To say taking a team from 6th to 11th (via 5th) being 1 of the worst managerial performances you've ever seen is hyperbole, especially when Moyes managed 7th to 18th during his own spell in charge, and 1st to 6th with united, and Ranieri is currently overseeing 1st to 16th. So once again, I would call that an overemphasis.
You also make the assessment that Martinez agreed that Moyes left us strong by using 8 of those players, to somehow prove my point wrong, when my point wasn't that he there wasn't a core of a decent team there, but that it was nearing the end of a cycle and would need replacing in the near future. I said as much in a few of my points, and that I believed he took the gamble on spending 2 years worth of budget on Lukaku to compliment what was already there, under the impression the spine of the team would make do in the meantime.

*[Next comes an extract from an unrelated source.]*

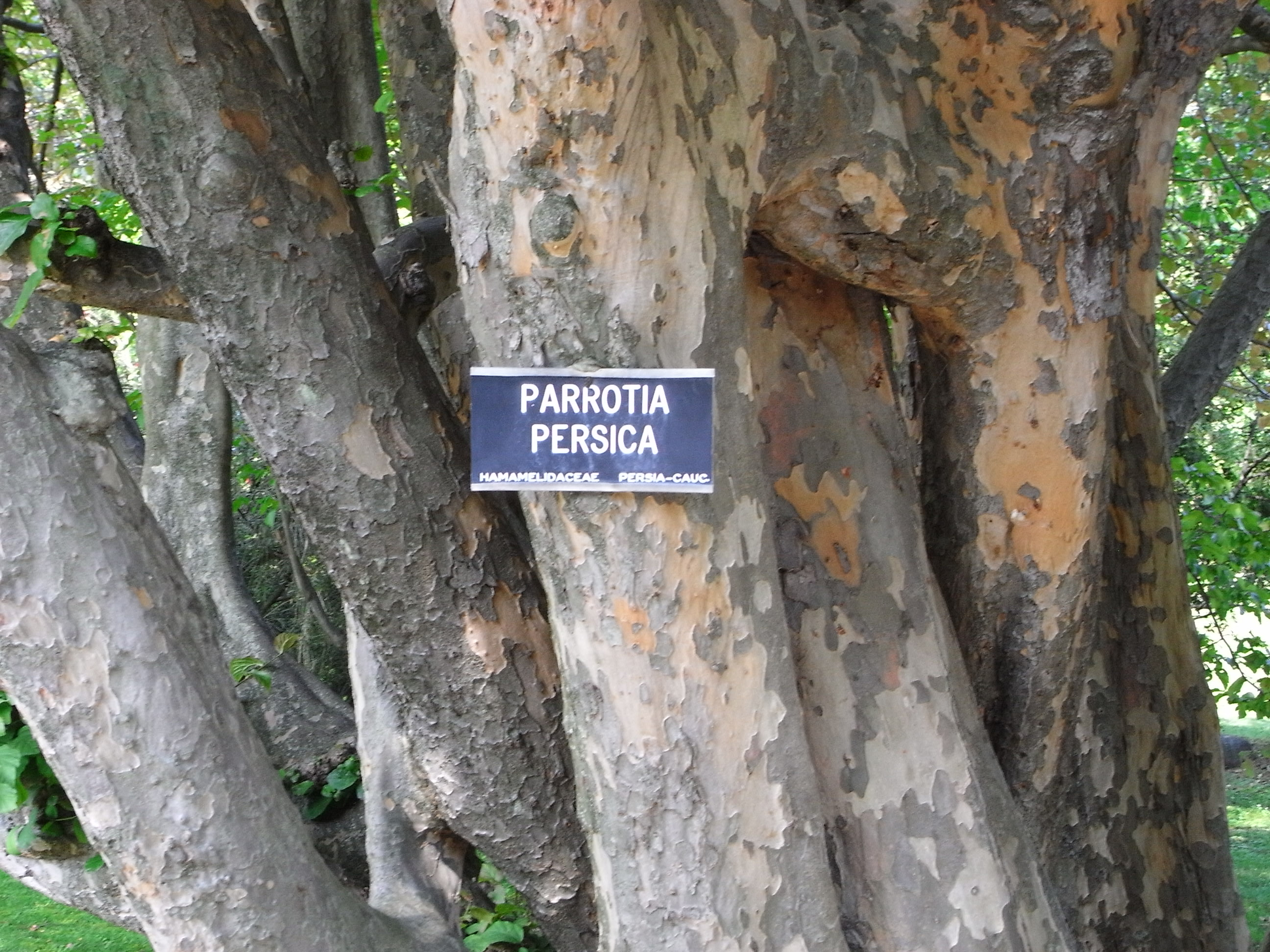 Bark of Parrotia persica in Arboretum of villa Taranto, Italy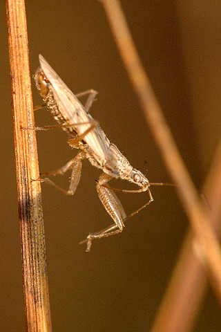 Picture taken in Commanster, Belgian High Ardennes . Species: Nabis rugosus

Unfortunately the same spine, and it was the same players as you rightly point out, let him down badly over the next 2 years, mixed with the younger players he introduced lacking in confidence.
As for Koeman replacing them all, again, I keep having to go over the same points, Koeman was brought in with an entirely different set of limitations to that which Martinez was managing under. A new billionaire owner, the ability to spend vast sums of money on established players and discard the older players who were no longer deemed good enough is a luxury he has knowing the weight of the financial muscle he has behind him. He is also able to call upon younger players that Martinez championed (Davies, Holgate).
We are never going to agree on this, so it seems pointless to continue. The frustrating thing is, I'm not trying to convince anyone Martinez was better than Koeman is or Moyes was. I'm just trying to say he doesn't deserve as much derision as he gets and there should be more reason applied to his time in charge. Rightly or wrongly, he helped shape where we are now.